At Laurentian, we’re adept at answering questions related to the company’s financial health. Keeping outside investors informed about the company is an important part of relationship management. In addition, we are knowledgeable about best practices in corporate governance, which give outside investors’ confidence that the company is being well managed.
Additionally, a virtual CFO can prove to be very helpful by taking part in a firm’s investor presentations and helping to answer challenging financial questions.\
5. M&A and Exit Strategy
Even small and growing companies may be involved in M&A activity or in selling a piece of their business. A firm’s virtual CFO can add value at all stages of the M&A transaction by either: 1) preparing the financial schedules and documents necessary in the event of a sale, or 2) performing up-front due diligence in assessing the financial health of a target acquisition, as well as the quality of its finance-related systems.
Once the transaction has closed, managing the integration of people, processes and systems is a necessary, and often underappreciated part of the M&A process. I’ve been through my fair share of integrations during my time at Molson, Newbridge, and NASDAQ. My advice is to treat the integration just as carefully as the pre-deal activity. Ideally you want many of the same people on both the pre-deal side and post-deal side to maintain accountability and reduce the chance that anything falls through the cracks.
6. Financial Audits
Independent audits or reviews by outside accounting firms are usually required by investors or lenders. That fact may not be a surprise to anyone, but many entrepreneurs are amazed by the level of scrutiny that an audit entails. Undergoing an audit not only requires proper financial statements, but also detailed schedules, notes, contracts and other documents to support the financial statement data. At Laurentian, we have supported dozens of audits and know the steps necessary to get a clean audit opinion.
7. Is Your CFO Part of Your Sales Team?
For many years, CFOs have touted themselves as “business partners,” but all too often what that really means is simply managing and advising on the internal finance and operations of the firm. That’s a solid start, but a really good CFO considers him or herself not just head of the finance team, but truly a key player in running the business. And I believe the same should be true for virtual CFOs. In that spirit, I’m proud of the fact that it’s not unusual for me to go on sales calls with account managers as a way of learning the business better, all so that I can provide better strategic advice to the CEO.
One other thing: A savvy entrepreneur will take advantage of not only their virtual CFO’s extensive experience, but also their network.
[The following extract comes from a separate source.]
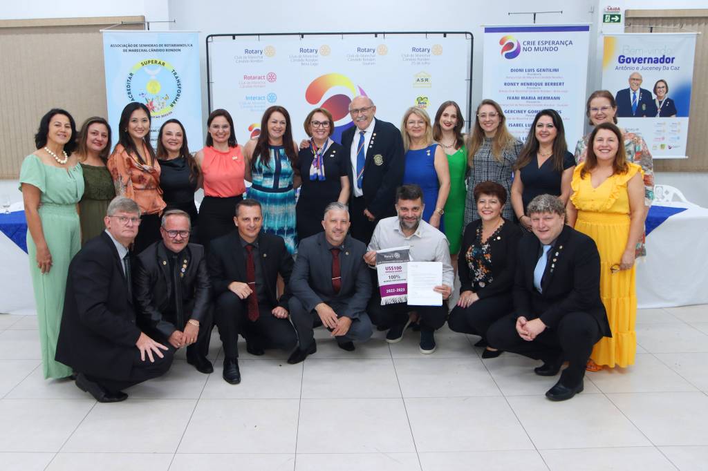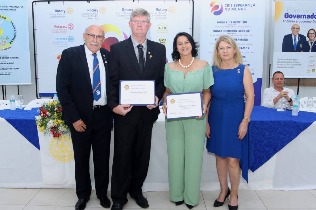 Aos companheiros do Rotary Club de Marechal Cândido Rondon - Guarani, foram feitas as seguintes entregas de honrarias: 1° Paul Harris ao companheiro Rafael Sturm e também para a companheira Maria Zezinha Mantovani; 3° safira para a companheira Josiane Wiedmer; reconhecimento de doação para a Fundação Rotária da gestão anterior presidida pelo companheiro Ronaldo Rossarola e, a parabenização para a companheira Silmara Pazini, que assumirá a Coordenação de Imagem Publicação da Região 31 no próximo ano Rotário.
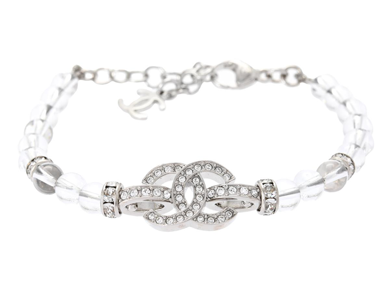 CHANEL, BRACELET, Charm bracelet, silver-tone, white stones, length 16-20 cm, original box. Very Good Condition.

Most virtual CFOs have strong networks of outside contacts in a wide variety of companies and industries. On occasion, I’ve been in a position to make introductions that result in promising partnerships or even new customers for my clients. This is how a Laurentian virtual CFO can help grow not just your bottom line, but your top line, as well.
Could your firm benefit from some strategic financial planning? If your company is at the stage where you’re starting to need more financial foresight than your accountants can provide, it may be time to consider hiring a virtual CFO.
And when you begin exploring what that might look like, those of us at Laurentian recommend looking for someone who has the potential to become a valuable and vital member of your top management team.